I concur in the view expressed by Judge Holcomb and will add, further, that the effect of the majority opinion, as I interpret it, will be to require the toll bridge authority to bear the expense of future maintenance, not only of the bridge proper, but also of the "approaches," including an extensive arterial highway within the limits of the city of Seattle and three miles of highway outside the *Page 134 city. I do not believe that the statute contemplated the application of the funds of the toll bridge authority to maintenance of arterial highways inside the city or main highways outside it. The logical effect of the majority opinion emphasizes what I believe to be an erroneous construction of the term "approaches."

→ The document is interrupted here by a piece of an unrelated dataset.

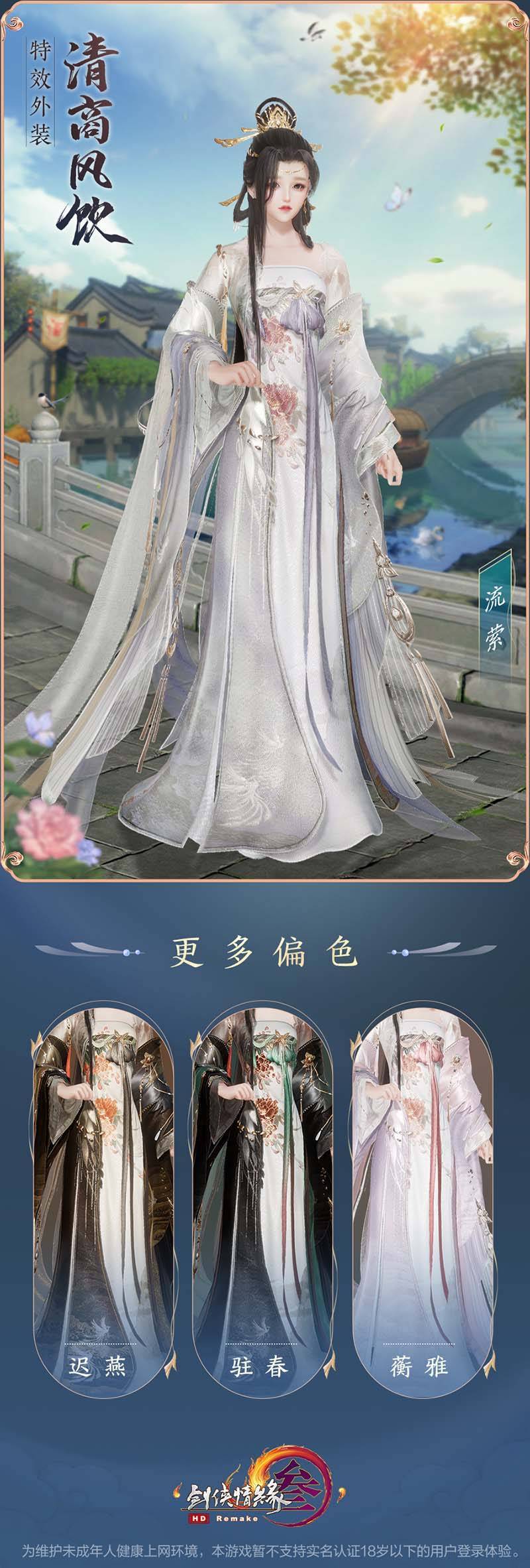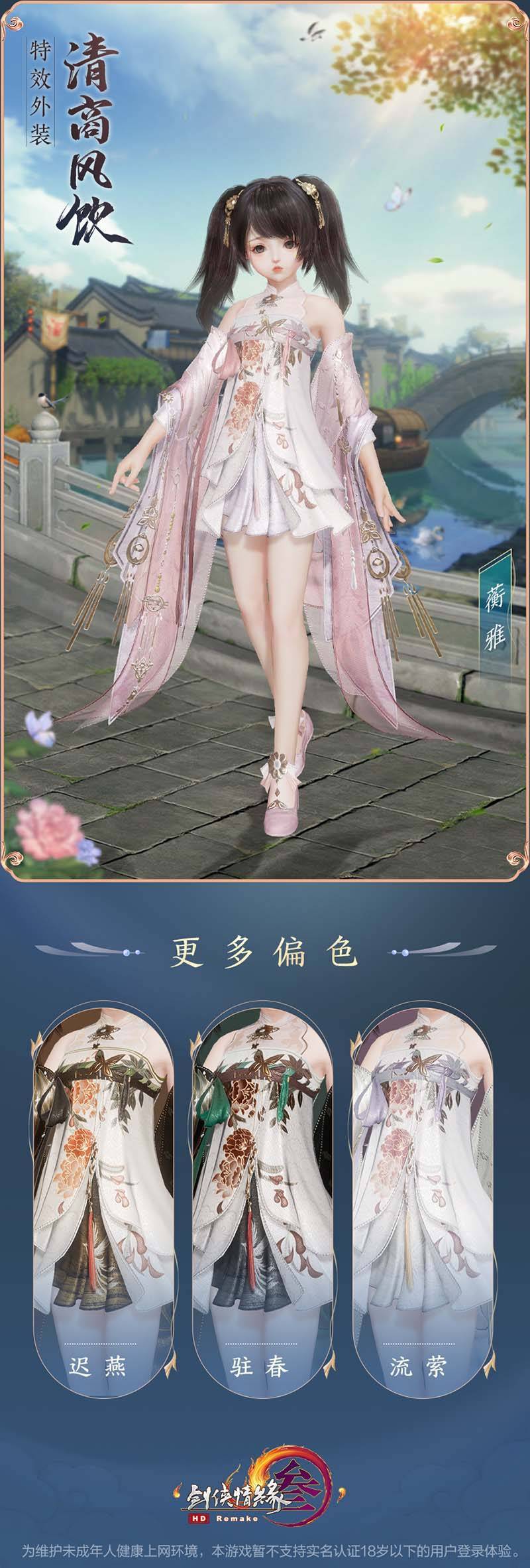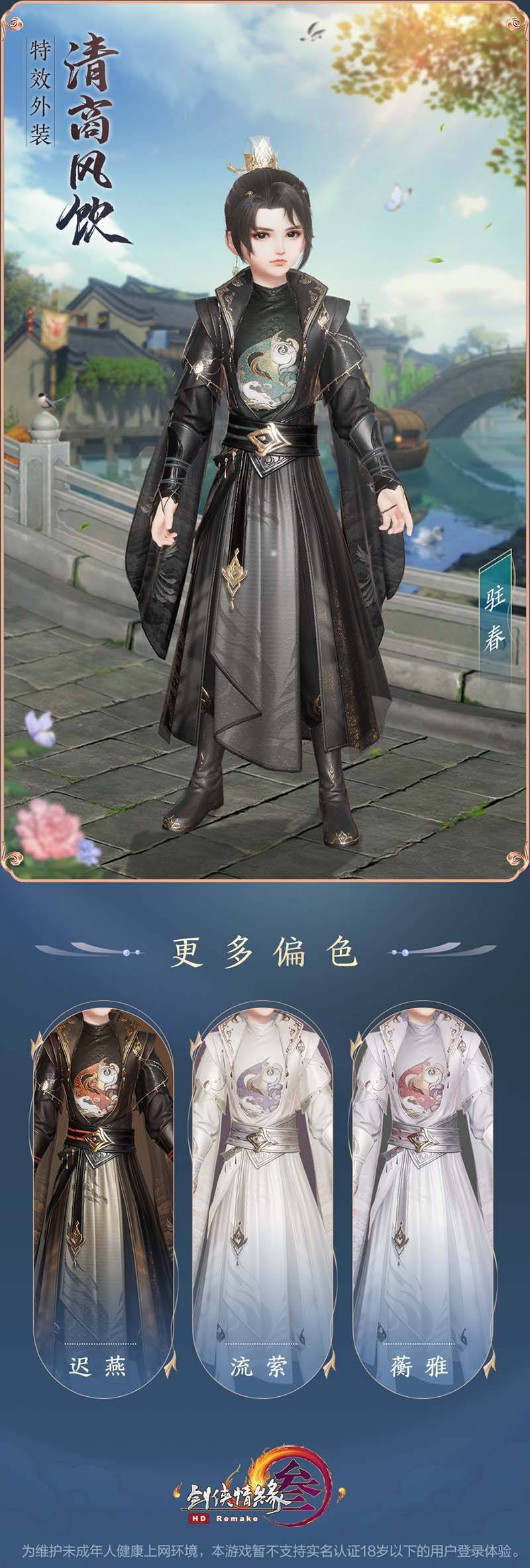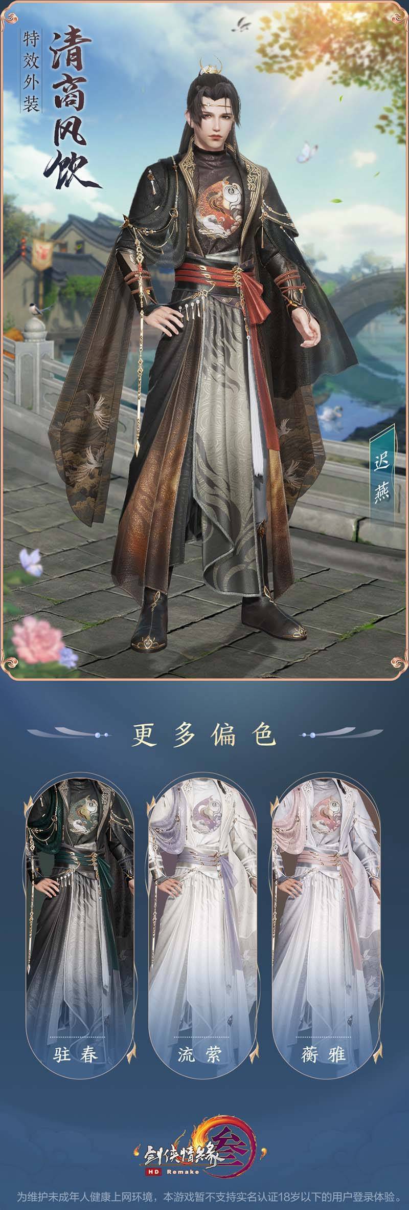 花下矜立,风流动人,全新特效外装“清商风饮”典雅登场!融入锦鲤与牡丹等元素,共有四款不同偏色,为侠士们带来更多选择!成男款潇洒自若仪态翩翩,高领设计更具高贵气度,袖袍襟摆云浪翻涌,飒洒飘逸。成女款落落大方身姿曼妙,裙摆搭配宽袖给人以温婉娴静之感,牡丹纹样点缀更凸显贵气端庄。萝莉款则采用可爱的短裙搭配飘逸袖摆,娇俏蝴蝶结和蝴蝶金饰点缀胸前,颇具灵动之感!正太款以干练底衫搭配利落腰封,将江湖意气与君子之雅巧妙融合,令人眼前一亮!侠士开启特效后,金光流转舞姿动人,举手投足之间牡丹盛放,书写一笔国色天香!

I am likewise unable to assent to the view expressed in the concurring opinion by Judge Beals. Proceeding from the premise that a toll bridge is "a money-making project," the concurring opinion concludes that the members of the group which selects the site of the bridge "should have authority to accomplish all things reasonably necessary to make the project produce an adequate return by way of tolls." For this reason, it is suggested that, in determining what constitutes an approach, the rule to be applied to a toll bridge should be different from that applied to the ordinary bridge. This seems to me to be a perversion of the spirit and intent of the act creating the Washington toll bridge authority. Laws of 1937, chapter 173, p. 654 (Rem. Rev. Stat., Vol. 7A, §§ 6524-1 to 6524-21). Instead of empowering the authority to provide for the establishing and constructing of toll bridges "upon any public highways of this state together with approaches thereto," as prescribed by the legislature, the act is, by the concurring opinion, made to empower that body to enter upon a vast scheme of street and road building in order to make a contemplated bridge "a money-making project." If, with that end in view, an arterial highway may be built across the width of the city in one direction, then, in order to invite more traffic and thus to secure the needed revenue, a network of diverging highways may be built in all directions. It will be another case of the end justifying the means.
It may well be that such a system of arterial highways may be highly desirable and even necessary to *Page 135 accommodate the traffic that will use the bridge, but in my opinion that is a matter for the state highway department or for the city of Seattle, wherever they may obtain the funds, but it is not a matter for the toll bridge authority under the powers vested in it by the act.